- _What this task involves_: Among the entries below, find every line that contains the string "with", then copy it.

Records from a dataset
┌──

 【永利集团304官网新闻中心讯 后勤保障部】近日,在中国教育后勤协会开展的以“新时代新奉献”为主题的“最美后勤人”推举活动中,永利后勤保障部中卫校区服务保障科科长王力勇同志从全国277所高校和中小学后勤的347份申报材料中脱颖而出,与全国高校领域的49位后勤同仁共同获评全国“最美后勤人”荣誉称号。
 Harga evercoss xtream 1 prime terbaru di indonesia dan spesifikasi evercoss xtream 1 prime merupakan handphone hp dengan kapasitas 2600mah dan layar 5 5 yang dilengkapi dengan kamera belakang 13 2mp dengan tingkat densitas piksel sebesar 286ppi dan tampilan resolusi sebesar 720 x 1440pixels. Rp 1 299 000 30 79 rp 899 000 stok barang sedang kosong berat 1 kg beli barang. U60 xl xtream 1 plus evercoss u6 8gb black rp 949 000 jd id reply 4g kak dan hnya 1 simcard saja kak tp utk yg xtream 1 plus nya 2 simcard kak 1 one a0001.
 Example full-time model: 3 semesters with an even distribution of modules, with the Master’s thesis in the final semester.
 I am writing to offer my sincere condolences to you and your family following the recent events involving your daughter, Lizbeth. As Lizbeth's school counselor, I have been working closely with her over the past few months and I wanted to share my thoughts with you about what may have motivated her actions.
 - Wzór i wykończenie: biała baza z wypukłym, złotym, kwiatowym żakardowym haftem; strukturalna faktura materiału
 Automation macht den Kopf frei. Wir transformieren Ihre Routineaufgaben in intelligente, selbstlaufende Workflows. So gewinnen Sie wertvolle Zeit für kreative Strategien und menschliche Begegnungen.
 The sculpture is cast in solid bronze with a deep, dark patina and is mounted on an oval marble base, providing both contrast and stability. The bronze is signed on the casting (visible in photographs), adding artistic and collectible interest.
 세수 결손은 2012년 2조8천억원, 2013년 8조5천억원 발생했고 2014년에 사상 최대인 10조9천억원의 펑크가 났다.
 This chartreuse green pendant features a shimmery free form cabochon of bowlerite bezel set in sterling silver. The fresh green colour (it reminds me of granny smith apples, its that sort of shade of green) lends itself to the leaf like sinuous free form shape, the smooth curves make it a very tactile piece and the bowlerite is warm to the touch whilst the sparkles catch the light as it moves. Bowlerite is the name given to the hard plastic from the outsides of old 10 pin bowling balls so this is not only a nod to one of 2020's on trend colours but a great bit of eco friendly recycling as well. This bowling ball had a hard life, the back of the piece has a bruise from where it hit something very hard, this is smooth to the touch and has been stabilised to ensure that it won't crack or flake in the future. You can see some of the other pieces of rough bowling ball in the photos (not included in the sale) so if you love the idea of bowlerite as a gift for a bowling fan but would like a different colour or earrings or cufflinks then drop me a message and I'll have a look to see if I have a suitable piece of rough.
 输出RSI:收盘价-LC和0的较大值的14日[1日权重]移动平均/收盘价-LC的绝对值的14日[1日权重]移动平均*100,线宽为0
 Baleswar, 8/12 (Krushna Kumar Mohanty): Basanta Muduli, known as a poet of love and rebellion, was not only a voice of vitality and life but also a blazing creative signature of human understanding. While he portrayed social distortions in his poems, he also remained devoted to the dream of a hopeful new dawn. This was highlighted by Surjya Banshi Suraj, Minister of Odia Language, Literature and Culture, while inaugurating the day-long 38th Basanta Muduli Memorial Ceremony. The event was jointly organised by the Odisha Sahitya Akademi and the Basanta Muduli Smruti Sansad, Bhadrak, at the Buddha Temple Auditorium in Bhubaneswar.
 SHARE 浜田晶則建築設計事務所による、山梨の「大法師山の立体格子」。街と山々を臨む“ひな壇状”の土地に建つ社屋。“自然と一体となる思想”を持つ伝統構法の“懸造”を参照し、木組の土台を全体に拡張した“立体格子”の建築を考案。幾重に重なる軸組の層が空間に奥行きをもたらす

└──

- _Finished task_:
 Example full-time model: 3 semesters with an even distribution of modules, with the Master’s thesis in the final semester.
 I am writing to offer my sincere condolences to you and your family following the recent events involving your daughter, Lizbeth. As Lizbeth's school counselor, I have been working closely with her over the past few months and I wanted to share my thoughts with you about what may have motivated her actions.
 The sculpture is cast in solid bronze with a deep, dark patina and is mounted on an oval marble base, providing both contrast and stability. The bronze is signed on the casting (visible in photographs), adding artistic and collectible interest.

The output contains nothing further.